Economist uses data to shape minimum wage policies that work
Working at McDonalds in high school for minimum wage, Arindrajit "Arin" Dube knew he had a path forward to college and a professional career. That wasn’t the case for most of his co-workers. “There’s a mistaken notion in the United States that we have a lot of mobility—that increased mobility can substitute for a more equal distribution of income. For many people, that’s just not true,” says Dube, a professor in the UMass Amherst Department of Economics. The fact that people spend years at low-wage jobs tells us how dependent workers are on these jobs and contradicts the notion that they are stepping stones, says Dube.
Widely considered one of the nation’s foremost experts on the economic effects of minimum wage policies, Dube has been interested in issues of income and wage inequality “probably longer than I’ve known those terms,” he says. Throughout his student years at Stanford, Harvard, and University of Chicago, he focused his efforts on increasing wages for campus service workers, including those contracted from outside firms, who are often paid less than workers hired directly.
Since Dube’s days slinging burgers in the 1990s, the face of the low-wage worker has changed. Then, nearly half of all minimum wage earners were teenagers. Today that figure is less than one in five. Meanwhile, inflation has grown faster than wages, and while some states and municipalities have taken it upon themselves to raise their minimum wage, the federal standard lags behind.

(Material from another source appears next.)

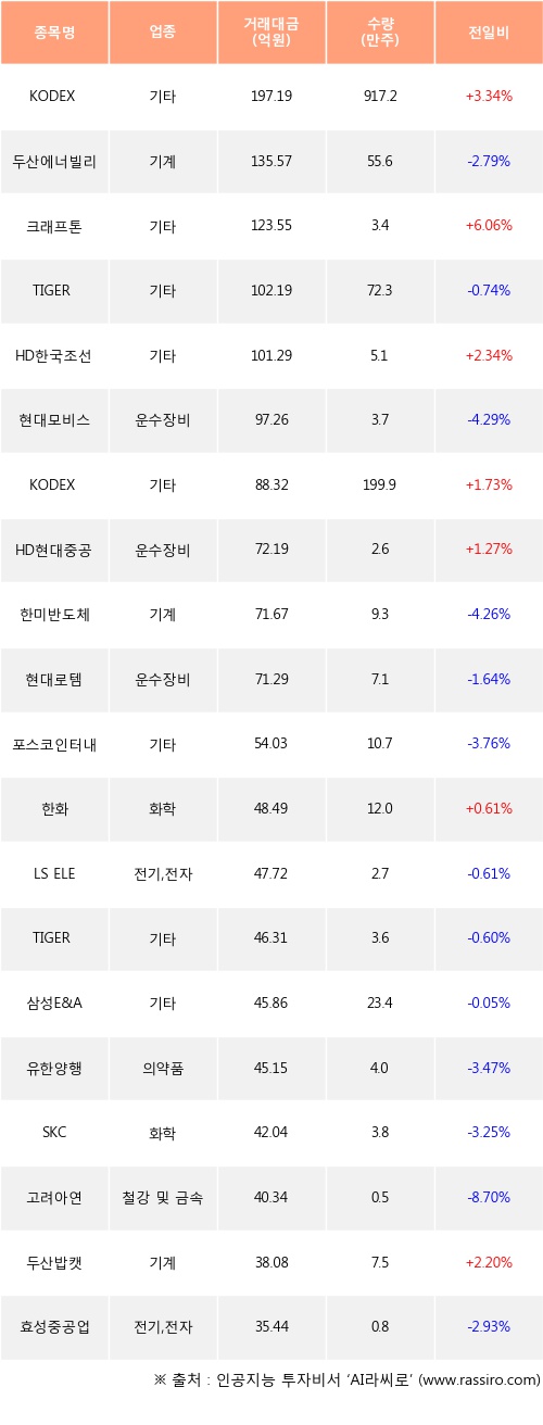 KODEX 200선물인버스2X, 크래프톤, HD한국조선해양 등은 전일 대비 주가가 상승했고, 두산에너빌리티, TIGER 은행고배당플러스TOP10, 현대모비스 등은 주가가 하락했다.

It’s a struggle Dube is all too familiar with. His landmark research on the effects of minimum wage hikes across county and state borders showed no significant job loss in communities that raised wages versus neighboring communities where wages stayed the same—countering the perennial argument of opponents. President Obama referenced those studies in his 2013 State of the Union address in support of an increased federal minimum. “It’s nice to know someone was paying attention,” Dube laughs. The information also played a key role in Dube’s testimony before Senator Elizabeth Warren at Senate hearings on a 2013 bill to increase the federal minimum, and importantly, tie future increases to the Consumer Price Index in order to help wages keep pace with inflation.
That bill didn’t pass, and much of the country is still contending with decades of wage stagnation that contributes to what Dube calls “fissuring” in the workplace between low and high earners. That’s particularly true as companies continue to cut costs and reduce staff by contracting out low-paying jobs such as janitorial services and sales—a strategy that also helps protect companies from the resentment of workers who discover they’re earning less than their peers. “We are increasingly a segmented society not only in terms of where we live but also where we work,” says Dube. “High- and low-wage workers today are often in different companies, just as they’re in high- and low-cost housing.”
This creates “a barrier to the processes that generate empathy,” says Dube. “Interacting with people of different background and economic status creates a degree of bonding; increased polarization makes that harder and creates more strain on society.” But while Dube believes that it’s high time for the federal government to step in with wage increases, and while grassroots movements such as Fight for $15 are important ways to generate sorely needed discussion, the answer to that polarization isn’t as simple as a single number.
“Politically speaking, it makes sense to have a focal number. But what $15 means in Massachusetts is very different than in Mississippi,” he says. “It’s important to understand how local labor market conditions could imply different approaches.” One approach that Dube has proposed—and which has subsequently been adopted in states including New York and Oregon—is a regional, tiered system that establishes different minimums based on the varied cost of living in urban and rural areas within a state.
As with any policy, says Dube, there’s a trade-off. Setting the minimum wage too low could prevent workers from seeing the full benefit, while setting it too high may have unintended consequences. “Understanding the balance has been a central part of my research,” he says. “We are in the midst of experimenting with the minimum wage, and all experiments carry risk. As an empiricist, my job is to understand which policies are most effective and come up with answers that make the most sense.” That may mean tolerating a certain amount of job loss, or turning to other tools such as the Earned Income Tax Credit to fill in the gaps.
“The questions I’ve ended up asking are based on what I see around me that concerns me. That’s why I’m doing the work I’m doing.”